Application-specific limits show up in domains like social reasoning and planning, where GPT-3.5 answers a false-belief prompt with 95% confidence even when the story makes the belief obviously wrong.

Robustness limits show up when irrelevant details break math word problems or when harmless docstring edits break code generation, even though the underlying task is unchanged.

The survey also flags internally inconsistent rationales, like a physics explanation that says there is no net force while still claiming non-zero acceleration.

Common fixes in the literature include chain-of-thought prompting, retrieval augmentation, training with perturbations, tool integration like simulators, and system-level verification agents.

The taxonomy is useful for evaluators because it encourages measuring stability under controlled perturbations, not just final-answer accuracy.

👨‍🔧 Alibaba launched Qwen-Image-2.0, a single model that handles both text-to-image generation and image editing.

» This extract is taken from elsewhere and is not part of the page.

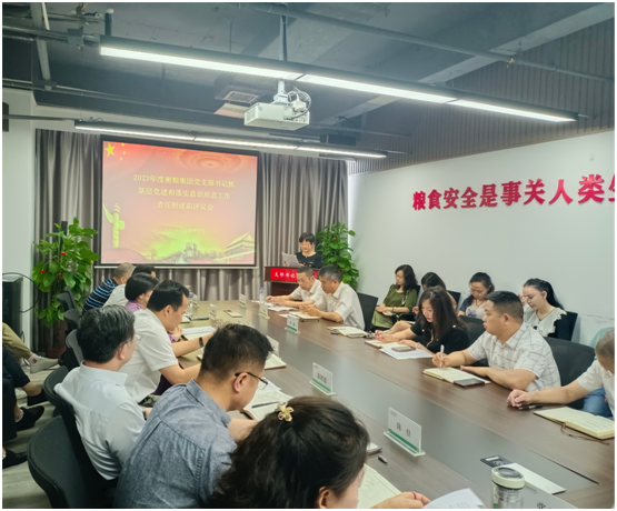 為深入學(xué)習(xí)貫徹習(xí)近平新時代中國特色社會主義思想,切實加強(qiáng)基層黨組織建設(shè),進(jìn)一步提高黨建工作質(zhì)量和基層黨組織書記履職能力,5月23日上午,衡糧集團(tuán)召開2023年度黨支部書記抓基層黨建和落實意識形態(tài)工作責(zé)任制述職評議會。黨委書記、董事長陳廷對支部書記述職進(jìn)行一對一點評并作總結(jié)講話,黨委專職副書記汪曲波主持會議。集團(tuán)班子成員,全體在崗黨員、非中共黨員中層管理人員及部室牽頭人參加會議。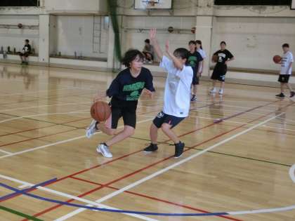 体育館では、バスケットボール部が活動しています。ボールミートからの1対1の練習をしていました。ボールの突き出しを早くし、トラベリングにならないようにしましょう。(遠藤)

Alibaba’s Qwen team released Qwen-Image-2.0, combining text-to-image and image editing in 1 model.

It targets dense layouts with long, readable text in 2048x2048 images for PowerPoint (PPT) slides and posters. In AI Arena blind votes, it reports 1029 Elo for text-to-image (#3) and 1034 Elo for editing (#2).

Elo is a relative score updated from head-to-head human preferences. Earlier Qwen releases kept generation and editing as separate models, forcing pipeline switches and inconsistent text behavior.

Qwen-Image-2.0 keeps 1 checkpoint, accepts up to 1,000 tokens, the text chunks it reads, and generates 2048x2048 without tiling. The release describes a Qwen3 vision-language (Qwen3-VL) encoder feeding a diffusion decoder that denoises to pixels.

Access is via Alibaba Cloud BaiLian application programming interface (API) invite testing and a Qwen Chat demo.

That’s a wrap for today, see you all tomorrow.